Havaalanından matruşkalar ile şehir merkezine gidebilirsiniz. Hareket saati kesin değil, minibüs dolunca hareket etmektedirler.

Şehir merkezi havaalanından taksiyle yaklaşık 300 Grivna tutuyor. Bunun üzerinde istenen rakamlar olabilir pazarlık yapmak gerekiyor.

Şehirdeki ikinci havaalanı Zhuliany Havaalanı (IEV), şehir merkezinin 8 km güneybatısında.
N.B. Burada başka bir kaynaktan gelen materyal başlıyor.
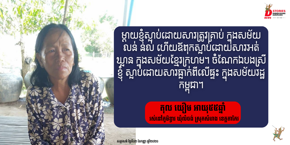 តុល យឿម ភេទស្រី អាយុ៥៥ឆ្នាំ រស់នៅភូមិខ្វាវ ឃុំលំចង់ ស្រុកសំរោង ខេត្តតាកែវ។ នៅក្នុងសម័យ លន់ នល់ ឪពុករបស់យឿម ធ្វើជាទាហាន។ ជាញឹកញាប់ ម្ដាយរបស់យឿម បាននាំកូន៣នាក់ ធ្វើដំណើរតាមឪពុក ដើម្បីគេចពីសង្គ្រាម។ ថ្ងៃមួយ នៅពេលដែលគ្រួសារយឿម ធ្វើដំណើរទៅដល់សៃវ៉ា ម្ដាយរបស់គាត់បានត្រូវគ្រាប់ស្លាប់ ទាំងមានកូនក្នុងផ្ទៃ។ បន្ទាប់ពីម្ដាយស្លាប់ ឪពុករបស់យឿម បានបន្តលើកគាត់ ​ឲ្យជិះក រួចធ្វើដំណើរទៅមុខទៀត។
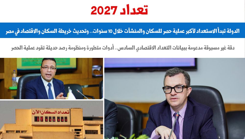 تعداد 2027..الدولة تبدأ الاستعداد لأكبر عملية حصر للسكان والمنشآت خلال 10 سنوات..كواليس تجهيزات "الإحصاء" لتحديث خريطة السكان والاقتصاد..دقة غير مسبوقة مدعومة ببيانات التعداد الاقتصادي..ومنظومة حديثة تقود الحصر
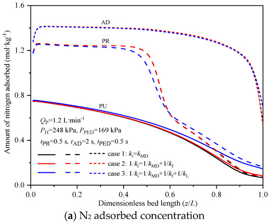 Three cases are employed for examining the influence of different mass transfer resistances since the dominant resistance of mass transfer is no longer macropore diffusion resistance for the small zeolite particles frequently employed in RCPSA process [12,13]. The resistance of macropore diffusion is solely considered the dominant resistance for case 1 and the combination of macropore diffusion and film resistance is assumed as the dominant resistance for case 2. However, case 3 regards the combination of film resistance, macropore diffusion resistance and axial dispersion effect as the dominant resistance for small LiLSX particles. Notably, a plug flow model replaces Equation (1) for case 3 since the effect of axial dispersion is added through an overall mass transfer coefficient in Equation (2) [13].
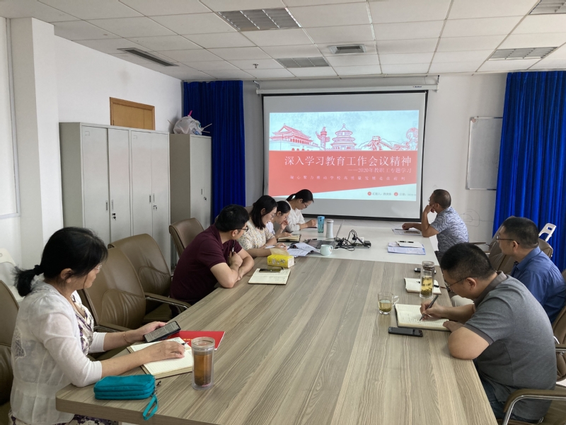 为进一步深入学习教育工作会议精神,奋力开创高水平开放大学科研工作新局面,在9月10日教师节当天,机关七支部科技处、老年文化与艺术研究所两个部门在定淮门校区918会议室开展主题为“深入学习贯彻全国全省教育工作会议精神,凝心聚力推动学校高质量发展走在前列”的专题学习研讨活动,活动由陈冰月主持。会上,科技处颜秉姝首先带领大家深入学习了2020年全国教育工作大会和2019年我省教育工作会议精神;然后,通过聚焦三步走战略规划、十二项基础建设工程等重点内容,重温了我校第二次党代会精神;最后,她结合“立德树人”和科研管理工作的职责,从增强服务意识、强化担当意识等两个方面发表了个人学习体会。在集体讨论环节,多位同志都分享了个人心得体会。老年文化与艺术研究所所长周振华表示理论学习就是要做到常学常新,才能更好的知行合一。服务意识与担当意识是教育工作者需要坚守的。科技处处长孙旭表达了对本次专题学习研讨活动的认可,他表示在学习过程中,大家敞开胸怀,踊跃发言,有益于凝聚共识,打造有温度的工作团队。倪晓燕就2020年全国教育工作大会中对继续教育的要求谈了体会,她提出继续教育要把握供给改革的问题,着力提升供给能力和
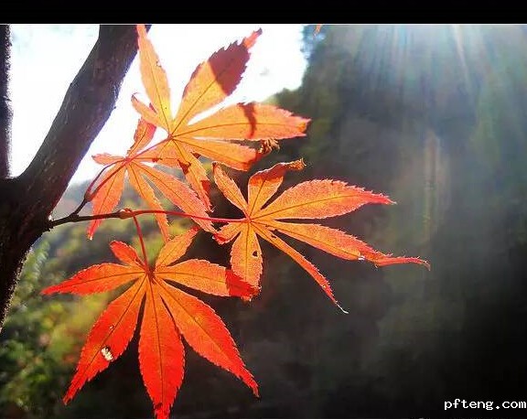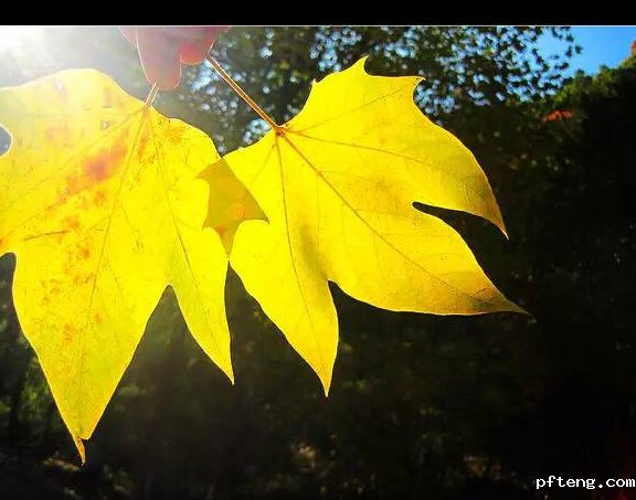 3、捡起两片飘落的叶、透着阳光,可以看见叶子的清晰脉纹,秋叶的飘落不是一种结束,而是一种生命的开始。秋叶归根,是生命的开始,因为她在地底下孕育着新的生命。历经严冬,等到到来年春天跃上枝头 ,带给人们以春的欣喜~
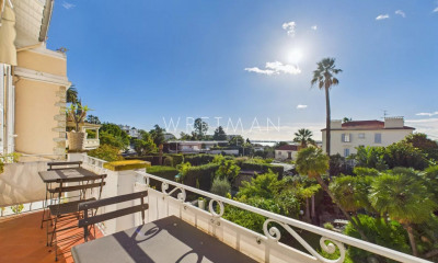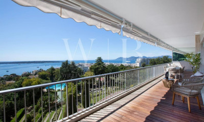 Cannes Californie : Dans une résidence de prestige, sécurisée avec gardien, piscine, terrain de tennis au coeur d'un parc d'environ 3 hectares, cet appartement 3 pièces de 107 m2 offre une vue mer panoramique. Il est composé d'une entrée, d'une cuisine ouverte sur le séjour donnant sur la terrasse d'environ 20 m², d'une chambre de maître avec salle de bain et douche et d'une seconde chambre en suite avec salle de douche. Une cave et un garage complètent ce bien d'exception.

Burası Wizz Air, Pegasus gibi bütçe dostu havayolları tarafından kullanılmaktadır. Zhulhany Havaalanı Kiev merkezine çok yakın olduğu için ulaşım daha kolay ve ucuz. Ancak gündüz saatlerinde bu havaalanını kullanırsanız durum böyledir. Bizim Ankara’dan Pegasus uçuşumuz gibi gecenin bir yarısı Zhuliany’ye inerseniz mecburen taksi kullanmanız gerekecektir. Ulaşım yollarına sırayla bakalım isterseniz.

1-Uluslararası A terminalinin önünden 9 numaralı servis otobüsüne 8-10 Grivna arası ücret ödeyerek Güney Kiev Tren Garına ulaşabilirsiniz (Zhuliany Havaalanı-Metro istasyonu Lva Tolstogo Meydanı).

2- Merkeze gitmek için Kiev toplu taşıma araçlarını da kullanabilirsiniz. Shuliavska metro istasyonuna gitmek için 22 no’lu troleybüs (Havaalanı – Metro istasyonları Shuliavska, Dorohozhychi, Syrets) ya da 565 (213) ve 482 no’lu otobüsler kullanılabilir. Dorogozhychi metro istasyonuna gitmek için 22 no’lu troleybüs ve 565 (213) no’lu otobüs kullanılabilir. Lukyanivska metro istasyonuna gitmek için 496 ve 499 no’lu otobüsler kullanılabilir ve bunlar merkez tren istasyonunda da durur. Podil bölgesine (Kontraktova Ploshcha metro istasyonu) gitmek için merkez tren istasyonunda da duran 302 no’lu otobüse ve Vasylkivska metro istasyonu için 75 no’lu otobüse binebilirsiniz.

3- Minibüs “Marshrutka” rotaları ile Kiev şehir merkezinin yanı sıra Kiev içindeki birçok noktaya da transfer yapabilirsiniz. Biletinizi hem Uluslararası Terminal A’da hem de Terminal D’de mevcut olan bilet kiosklarından veya sürücüden alabilirsiniz.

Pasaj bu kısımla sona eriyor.